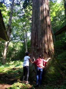 御神木の杉の樹にハグするお2人です。
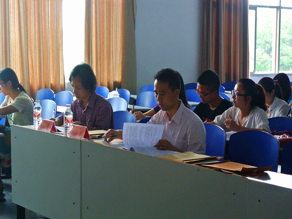 答辩现场,各2011级毕业生从选题、论文内容、成文思路、创新点等方面对自己的论文概述,台下的评委认真细致批评指正论文不足之处。
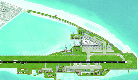 機(jī)場(chǎng)的維護(hù)和安裝也做到簡(jiǎn)便可行,盡量減少對(duì)環(huán)境的影響。雖然布局上受到場(chǎng)地條件的局限,但是仍然優(yōu)化了所有的功能服務(wù)區(qū),不至于延伸到珊瑚礁上。
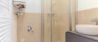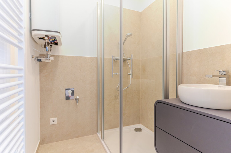 Modernes Bad mit Dusche und Anschluss für Waschmaschine
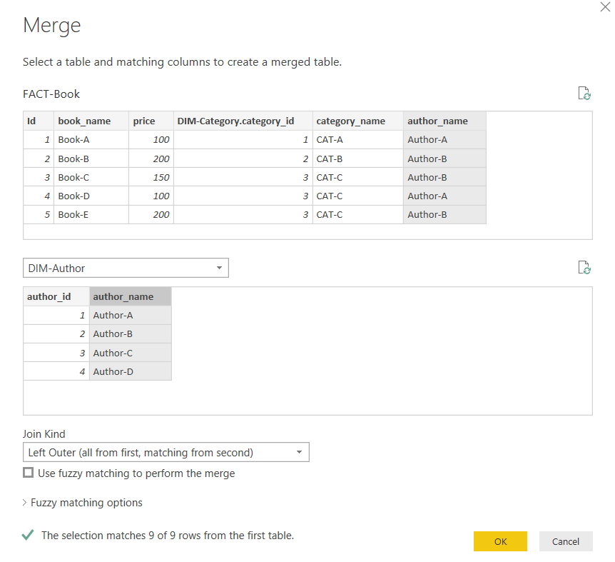 In the same way, you can merge the author_name column of the DIM-Author and FACT-Book query as shown below:
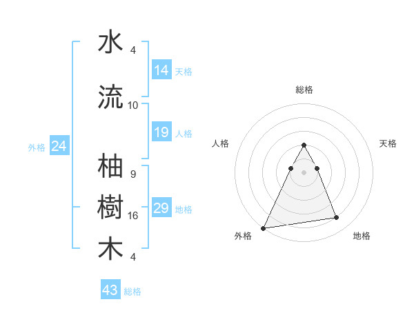 水流 柚樹木さんを姓名の画数から五運を鑑定

·····

● **Exercise details**: Each record, word for word, should be printed again without its pictures.

● **Solved problem**:
 御神木の杉の樹にハグするお2人です。
 答辩现场,各2011级毕业生从选题、论文内容、成文思路、创新点等方面对自己的论文概述,台下的评委认真细致批评指正论文不足之处。
 機(jī)場(chǎng)的維護(hù)和安裝也做到簡(jiǎn)便可行,盡量減少對(duì)環(huán)境的影響。雖然布局上受到場(chǎng)地條件的局限,但是仍然優(yōu)化了所有的功能服務(wù)區(qū),不至于延伸到珊瑚礁上。
 Modernes Bad mit Dusche und Anschluss für Waschmaschine
 In the same way, you can merge the author_name column of the DIM-Author and FACT-Book query as shown below:
 水流 柚樹木さんを姓名の画数から五運を鑑定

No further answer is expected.